Statistic Reliability Pt% R Pt% R2 Win% R Win% R2
5v5 Close Sh% 0.007 0.267 0.071 0.303 0.092
5v5 Sh% 0.015 0.267 0.071 0.298 0.089
5v5 DZFO% 0.430 -0.306 0.094 -0.291 0.085
Road MsS 0.017 0.227 0.052 0.200 0.040
Total BkS 0.060 -0.172 0.030 -0.182 0.033
Road BkS 0.009 -0.172 0.030 -0.180 0.032
Misconducts 0.083 -0.203 0.041 -0.179 0.032
Home BkS 0.223 -0.151 0.023 -0.161 0.026
Home TkA 0.545 -0.154 0.024 -0.155 0.024
Total MsS 0.059 0.176 0.031 0.149 0.022
Total TkA 0.335 -0.116 0.013 -0.124 0.015
PIM/G 0.339 -0.123 0.015 -0.100 0.010
Home MsS 0.172 0.118 0.014 0.094 0.009
Home GvA 0.645 -0.085 0.007 -0.092 0.008
# Bnch 0.000 -0.089 0.008 -0.090 0.008
B PIM 0.000 -0.089 0.008 -0.090 0.008
Total GvA 0.523 -0.068 0.005 -0.079 0.006
PIM 0.355 -0.078 0.006 -0.071 0.005
5v5 Close NZFO% 0.358 0.050 0.003 0.063 0.004
Majors 0.297 -0.077 0.006 -0.059 0.004
Match 0.048 0.033 0.001 0.035 0.001
Minors 0.516 -0.022 0.000 -0.026 0.001
5v5 NZFO% 0.438 0.016 0.000 0.017 0.000
Road TkA 0.010 0.039 0.002 0.016 0.000
Misc 0.083 0.016 0.000 0.013 0.000
Road Hits 0.031 0.015 0.000 0.003 0.000
Home Hits 0.284 0.028 0.001 -0.003 0.000
Road GvA 0.148 0.014 0.000 0.001 0.000
Total Hits 0.117 0.025 0.001 -0.001 0.000

You'll notice that team 5v5 Sh% is near the top of this list. It also has very low reliability. Then you'll see all of the penalty, hit, and RTSS stats. Virtually none of these matter to teams winning and losing. Teams win with an edge, or win without one. They also lose with an edge and lose without one. Being big and tough is NOT a cure all to a losing franchise... getting better at puck possession and spending more time in the other team's end is.

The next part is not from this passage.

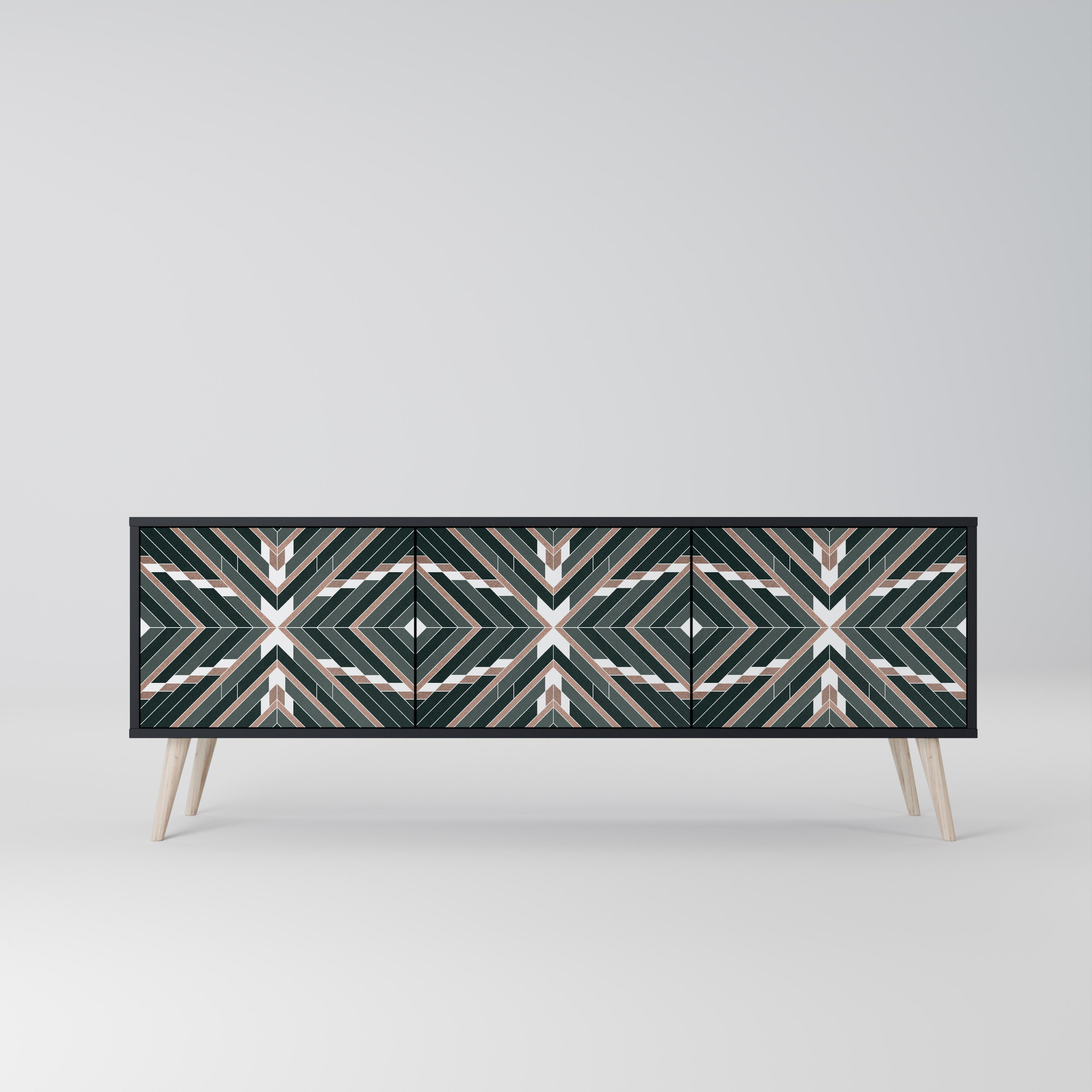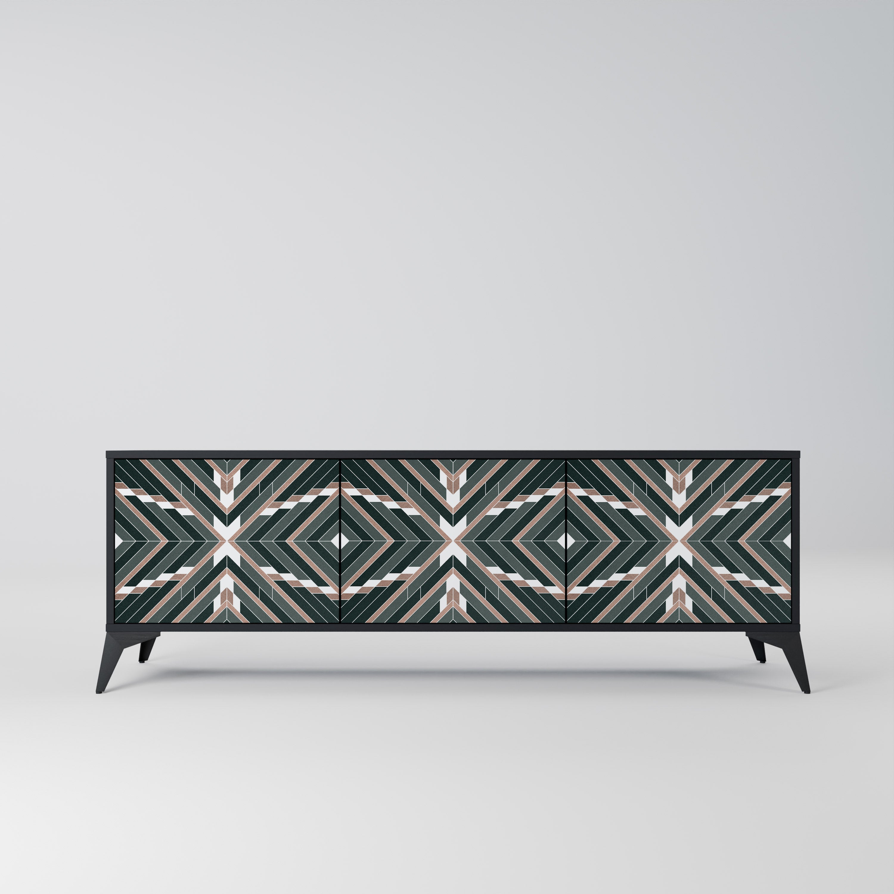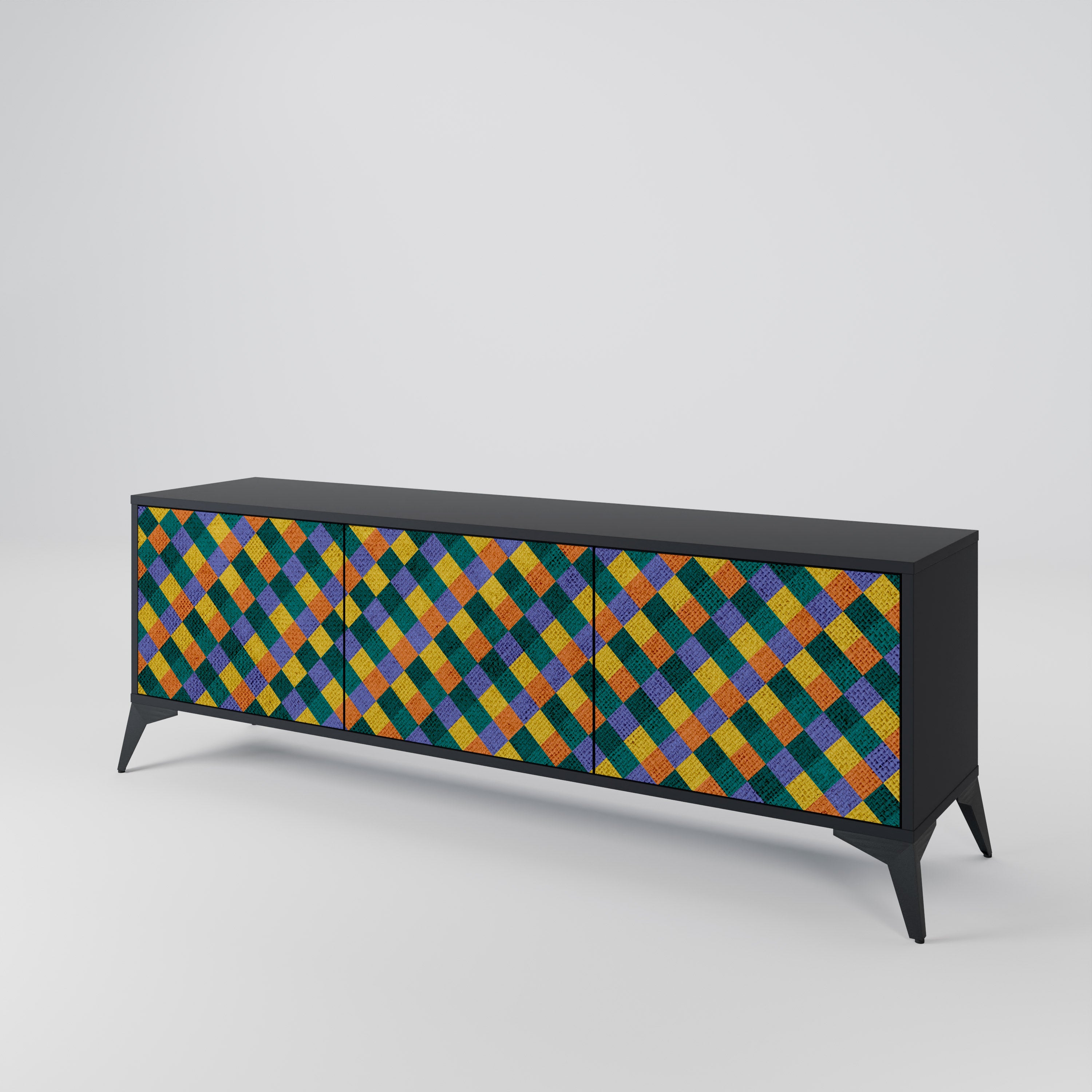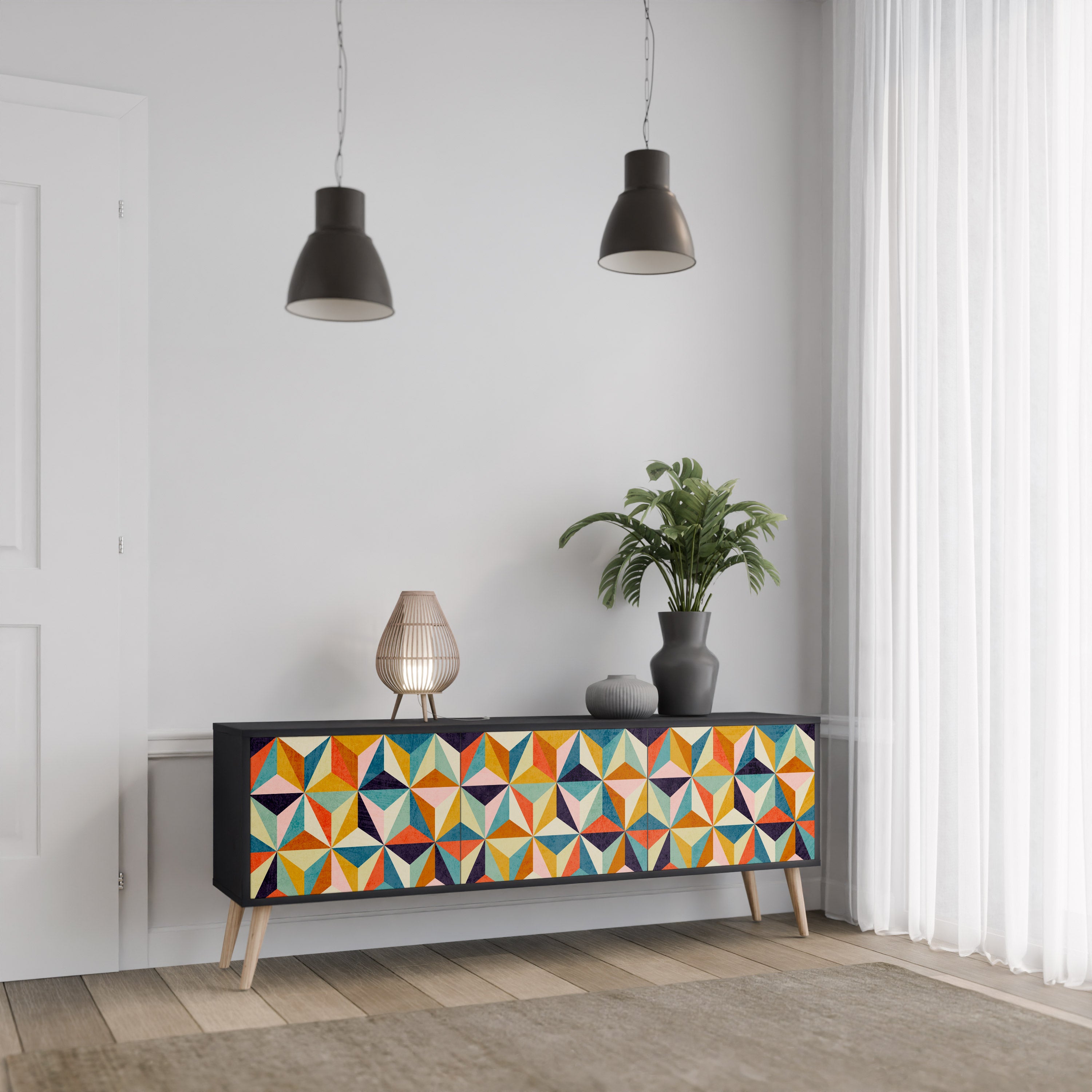 Mueble de TV de 3 puertas COLORFUL TRIANGLES en acabado negro Mueble de TV de 3 puertas COLORFUL TRIANGLES en acabado negro

You'll also see that 3 of the 4 lowest ranked stats are Road, Home and Total hits. None of them matter particularly... but it's interesting to see how reliable Home hits are while Road hits are virtually non-repeatable. Obviously this indicates serious bias by score keepers around the NHL. Similarly Home Giveaways and Road Giveaways diverge enormously in terms of their reliability year over year.

So what does this all mean? Well - it looks like the Leafs are fixated on building a team that does certain things reliably. They want to win Face Offs, and win Fights, and lead the league in hits and blocked shots. Bring that lunch pail along and get to work etc. Unfortunately none of those things are remotely likely to change their actual play in the over-all standings. The reason the Leafs won last year was leading the league in 5v5 Team Sh%, and having a vastly improved 5v5 Sv%. They led the NHL in PDO. But as we can see above, all of those stats are amazingly unreliable and thus not likely to repeat next year.

Unfortunately - when it comes to shot differential metrics - the Leafs were god awful last season, and finished close to the bottom of the rankings. They bought out one of their best possession players in Mikhail Grabovski and let another excellent piece walk in the form of Clarke MacArthur, but decided to keep a stellar Face Off man in Tyler Bozak (who incidentally looks horrible by any puck possession metric). They've replaced some of what they lost by overpaying David Clarkson - who does all that other stuff that doesn't really matter too. They also traded for Dave Bolland who may or may not be effective in terms of possession.

I don't personally see a huge improvement on the horizon for the club, and think a serious regression is due next year in many of the un-reliable statistics the Leafs excelled in this year. If it doesn't happen - then that's wonderful for Randy Carlyle and Dave Nonis, but in the longer term they need to improve their fundamentals if they hope to win consistently.